ITHACA, N.Y. — As progressive as the City of Ithaca is, it’s lacking in an important regard: transparency. That’s where it could take a page from the Tompkins County Legislature.
On the county level, every legislature meeting is live streamed and posted online for people to watch no later than the next morning and Public Information Officer Marcia Lynch sends out highlights of the meetings the same night they happen. Her last set of highlighted notes was nearly 1,000 words long.
This effort toward transparency isn’t done for journalists. It’s done for the public and the public notices.
Time and again, on social media, people post videos from the meetings, often upset about something an elected official said or telling people to check out a discussion.
That discourse, the agreement or disagreement about what elected officials are doing, is essential to democracy and the free flow of information.
The City of Ithaca is lacking on the front of this kind of transparency.
Yes, meetings are live streamed online and on television. But if you miss the live stream, too bad. You won’t be able to catch up on what happened for up to several months.
The Ithaca Voice has complained, through emails and phone calls, about the untimeliness of this issue since July.
The reasoning behind not posting videos of meeting was initially understandable — the city was really bogged down with projects, there is an employee vacancy. But after continued inquiry into the matter over a period of months, The Voice was eventually told, essentially, that city employees are just too busy to post videos in a timely manner.

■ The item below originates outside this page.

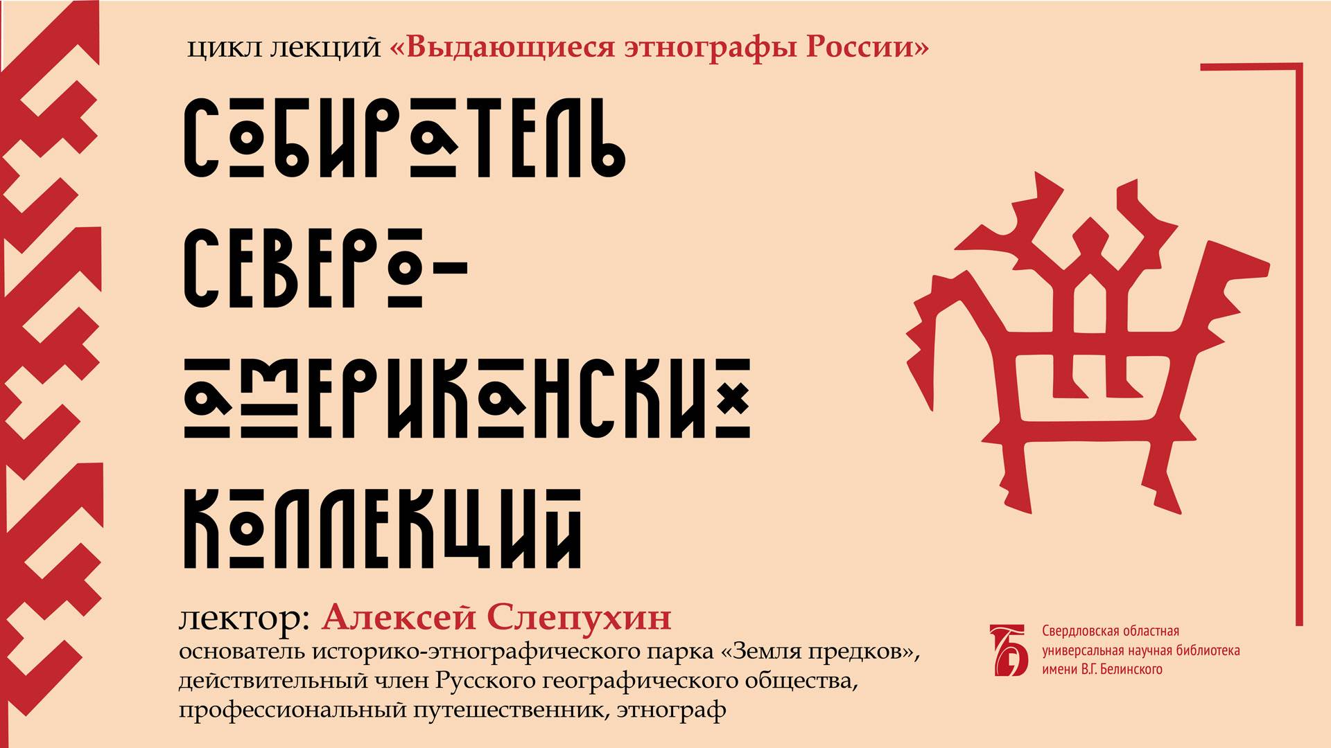 Лекция из цикла «Выдающиеся этнографы России» Илья Гаврилович Вознесенский в течение долгих восьми лет путешествовал по Северной Америке и собирал уникальные коллекции – зоологические, этнографические, ботанические, ставшие бесценным вкладом учёного в мировую культуру. Лектор – Алексей Слепухин, действительный член Русского географического общества, профессиональный путешественник, основатель Историко-этнографического парка «Земля предков». Лекция состоялась в 2021 г. Свердловская областная универсальная научная библиотека им. Белинского http://book.uraic.ru/ сайт https://vk.com/club6745014 VK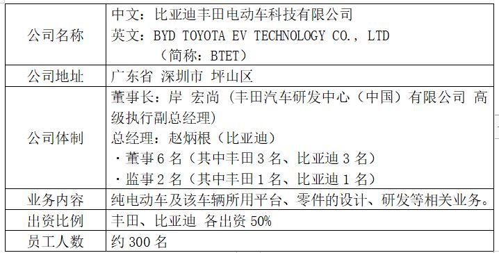 (2020年4月2日,北京)丰田汽车公司(以下简称“丰田”)与比亚迪 股份有限公司(以下简称“比亚迪”)合资的纯电动车研发公司——比亚迪丰田 电动车科技有限公司(以下简称“合资公司”)正式成立。丰田与比亚迪自 2019年11月7日就成立合资公司签订合资协议以来,双方积极推动合资公司 的筹备工作,合资公司计划于5月内正式开业。来自丰田的岸宏尚出任董事长, 来自比亚迪的赵炳根出任总经理。 对于合资公司正式成立,岸宏尚董事长表示:“合资公司成立以后,丰田和 比亚迪掌握各自技术强项的工程师会在一起相互学习,共同切磋造车技艺,从而开发出受中国消费者喜爱的性能优异的纯电动车。” 赵炳根总经理表示:“我们将是一家集合中日技术和经验的纯电动汽车技术研发的合资公司。 致力于推动、普及电动车更环保、安全、舒适、智能的高品质技术。我们的共同愿景是创造消费者为中心的未来出行、人与自然和谐共享的社会。” 【合资公司概况】 丰田与比亚迪将通过开发和普及受消费者喜爱的纯电动车,努力满足消费者多样化的需求,同时为中国的环境改善贡献力量。 丰田汽车公司 比亚迪股份有限公司 |

The mayor, Common Council, Chief of Staff Dan Cogan, and City Clerk Julie Holcomb are all aware of Ithaca Voice inquiries about the issue. The only elected official who has bothered to address the issue has been Second Ward Alderman Ducson Nguyen who inquired about the videos and suggested last month that maybe the videos should be posted to Youtube or social media so people could easily access them.
His suggestions seem like the way to go, especially if city employees are not willing to post the high quality videos online in a timely manner.
During the last Common Council meeting, the usual recording equipment was not working correctly, so Mayor Svante Myrick temporarily live streamed a video of the meeting from his Facebook.
That video had seven shares and 55 comments. People commented with their opinions and shared issues they were having on certain roadways. Despite the horrible video quality and sound quality, people were sitting at home engaged in a discussion about local politics.
But as of Thursday morning, it’s been one day short of a month since any videos were uploaded online here.
Now, this delayed access to information doesn’t put a stopper on journalism. When journalists want information, they make phone calls, send emails or stop by offices. But it does do a disservice to the community and a disservice to the people who speak before Common Council.
Their voices are important and deserve to be heard. The public should get the opportunity to, in a timely way, scrutinize, agree with, or disagree with what public officials are doing.
The city can do better than it’s doing right now and it should. Accessibility and transparency should be among some of the top priorities for government and elected officials.
Who knows? Maybe the county will be looking to the city for ideas about how to make government happenings more accessible to the public. After all, the county doesn’t stream committee meetings. It should.